Im 17. Jahrhundert wurde hier eine Festung errichtet, auch Metallverarbeitung gab es damals bereits. Zur Industriestadt wurde Nowokusnezk allerdings erst ab den späten 1920er Jahren, als ein Metallurgiekombinat errichtet wurde. Es folgten bald weitere Werke, darunter eine Aluminiumhütte.
Die Metallindustrie ist die Existenzgrundlage und zugleich das größte Problem der Stadt. „Wenn kein Wind weht, haben wir schrecklichen Smog“, sagt Schanna, „man kann kaum ein paar Meter weit sehen. Das Atmen fällt mir schwer. Und man zieht sich besser keine weißen Sachen an.“ Die Stadtoberen behaupteten zwar, es gebe neue Filteranlagen, aber wirklich verbessert habe sich nichts.
Tagebau bringt Probleme mit sich
Probleme mit der Luftverschmutzung gibt es auch andernorts im Kusbass, etwa in Kisseljowsk. Dort befinden sich die großen Tagebauanlagen. Das ist billiger und sicherer als der Untertagebergbau, führt jedoch zur Zerstörung der Landschaft und setzt giftige Gase frei. Gut 30 Prozent der im Kusbass geförderten Steinkohle stammen mittlerweile aus Tagebauen. Im vergangenen Jahr ging ein Video um die Welt, in dem Einwohner von Kisseljowsk in Kanada um Asyl baten, weil die Situation unerträglich wurde. Brennende Kohlflöze verpesten die Luft, im Winter färbt sich der Schnee schwarz.
Das soll es laut Schanna auch in Prokopjewsk geben, der kleineren Nachbarstadt von Nowokusnezk. „Kommen Sie im Winter! Schwarzen Schnee haben Sie bestimmt noch nicht gesehen“, sagt sie. Prokopjewsk scheint der Underdog der Kusbass-Städte zu sein. Sie gehe da nicht gerne hin.

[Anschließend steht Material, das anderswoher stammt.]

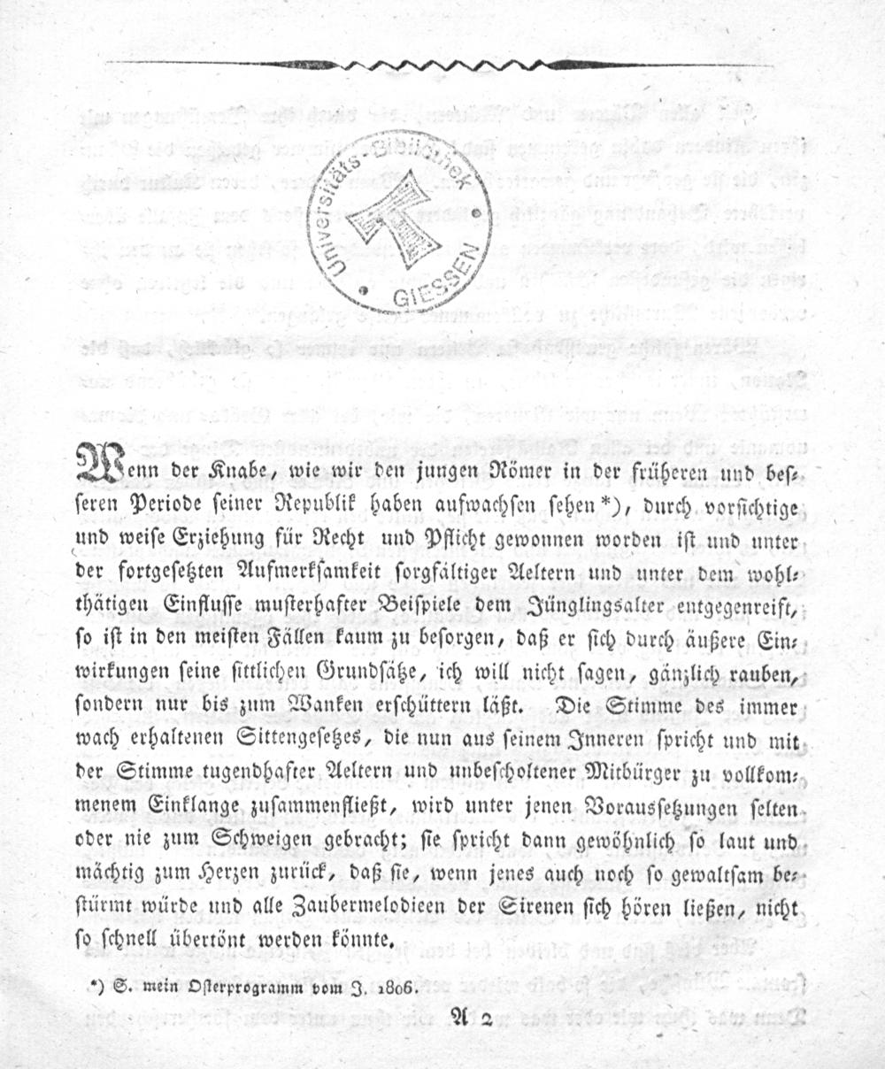 MWenn der Knabe, wie wir den jungen Römer in der früheren und beſ⸗⸗ ſeren Periode ſeiner Republik baben aufwachſen ſehen*), durch vorſichtige und weiſe Erziehung für Recht und Pflicht gewonnen worden iſt und unter der fortgeſetzten Aufmerkſamkeit ſorgfäͤltiger Aeltern und unter dem wohl⸗ thätigen Einfluſſe muſterhafter Beiſpiele dem Jünglingsalter entgegenreift, ſo iſt in den meiſten Fällen kaum zu beſorgen, daß er ſich durch äußere Ein⸗ wirkungen ſeine ſittlichen Grundſätze, ich will nicht ſagen, gänzlich rauben, ſondern nur bis zum Wanken erſchüttern läßt. Die Stimme des immer wach erhaltenen Sittengeſetzes, die nun aus ſeinem Inneren ſpricht und mit. der Stimme tugendhafter Aeltern und unbeſcholtener Mitbürger zu vollkom⸗ menem Einklange zuſammenfließt, wird unter jenen Vorausſetzungen ſelten. oder nie zum Schweigen gebracht; ſie ſpricht dann gewöhnlich ſo laut und mächtig zum Herzen zurück, daß ſie, wenn jenes auch noch ſo gewaltſam be⸗ ſtürmt würde und alle Zaubermelodieen der Sirenen ſich hören ließen, nicht ſo ſchnell übertönt werden könnte.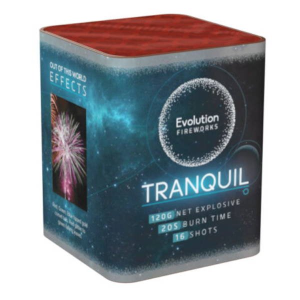 Experience the peaceful elegance of Tranquil, a low-noise, 16-shot firework from Evo Pyrotechnics. Over a serene 20 seconds, this F2 barrage launches beautiful golden effects from 20mm tubes. Watch as Gold Coco palms burst into rich shades of red, green, and blue, perfectly complemented by soft red strobes and the unique shimmering effect of green fallen leaves. Tranquil is the perfect choice for a sophisticated, gentle display.
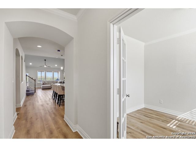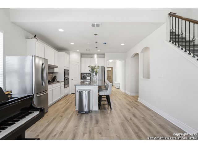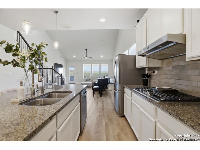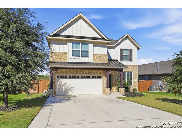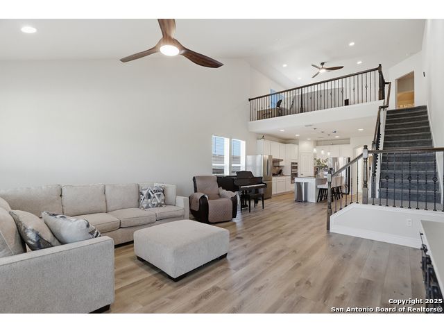 Welcome to this beautifully maintained 2018 Pulte home located in the highly desirable Homestead community. This spacious residence features an open-concept layout with soaring ceilings, two inviting living areas, and abundant natural light that fills every corner of the home. Offering 4 bedrooms, 2.5 bathrooms, a dedicated office, and an additional office nook. The modern kitchen includes granite countertops, stainless steel appliances, osmosis water filter, custom cabinetry, and a large island perfect for meal prep and gathering. LVP (Luxury Vinyl Plank) flooring flows throughout the first floor, adding both style and durability. Custom built in cabinets in laundry room and half bathroom provide additional storage and everyday functionality. Everyroom has remote controled new ceiling fans. New water softner, many upgrades througnt out the house. Step outside to a large covered patio overlooking a peaceful unobstructed view ideal backdrop for outdoor dining and entertaining. Residents of Homestead enjoy access to resort-style amenities including a pool, fitness center, clubhouse, playgrounds, and miles of walking trails. Conveniently located near Randolph AFB, I-35, and shopping and dining options, this home offers the perfect balance of comfort and convenience. Refrigerator located on right convey. Dropped $20K Must see it. Motivated Seller!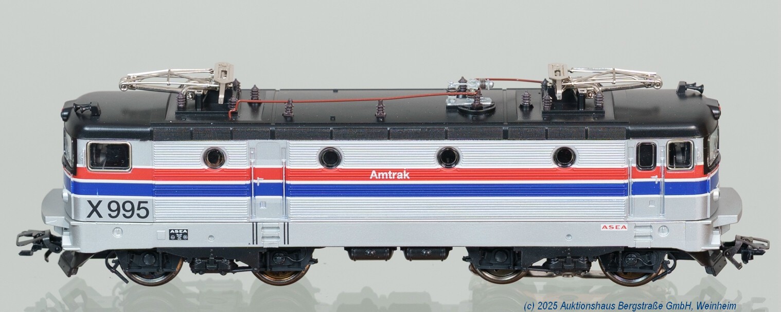 1509 | Tax: 150,- | 1 Märklin digital ICE-Triebwagenzug 3700, 'Amtrak', Inter-City-Express Baureihe 401 der Deutschen Bundesbahn als Demonstrationszug für die USA, achtteilig, ICE TRAIN AMTRAK NORTH AMERICA TOUR '93, 1. und 2. Klasse, Gehäuse: grauweiß mit himbeerrot/violetten Streifen, schwarze Aufschrift: 'Amtrak - ICE', zwei Triebköpfe, sechs Zwischenwagen mit Inneneinrichtung und Innenbeleuchtung, Bauzeit: 1994, limitiert, neuwertig, Originalkarton mit Zertifikat Nr.004836! | |

Bergmann Sergej meint, das sei vor allem in den 1990ern wegen der Kriminalität berüchtigt gewesen.
Wer die Warnungen ignoriert, erlebt eine Bergbaustadt wie aus dem Bilderbuch. Hier wird wie in Sergejs Bergwerk noch unter Tage gefördert. Mit der hügeligen Landschaft, den zahlreichen Fördertürmen und den weit verstreuten Grubensiedlungen erinnert Prokopjewsk ans südliche Ruhrgebiet. Es gibt kein richtiges Zentrum – oder wenn man es so bezeichnen will, dann mehrere. Alles ist mit einer rumpelnden Straßenbahn miteinander verbunden, die teils kilometerweit durch die Prärie fährt, bis wieder eine Siedlung auftaucht. An einer Endhaltestelle wird vom Lkw herab Kohle verkauft, gegenüber bieten Bauern Blumen, Obst und Gemüse feil, auf der Motorhaube ihres Lada. Im Lebensmittelladen ist ein älterer Mann mit Stock unterwegs, auf seiner Biker-Lederjacke prangt in großen Lettern der Schriftzug „Kusbass – Prokopjewsk.“ Lokalstolz haben sie. Und echte Kohlenpott-Atmosphäre!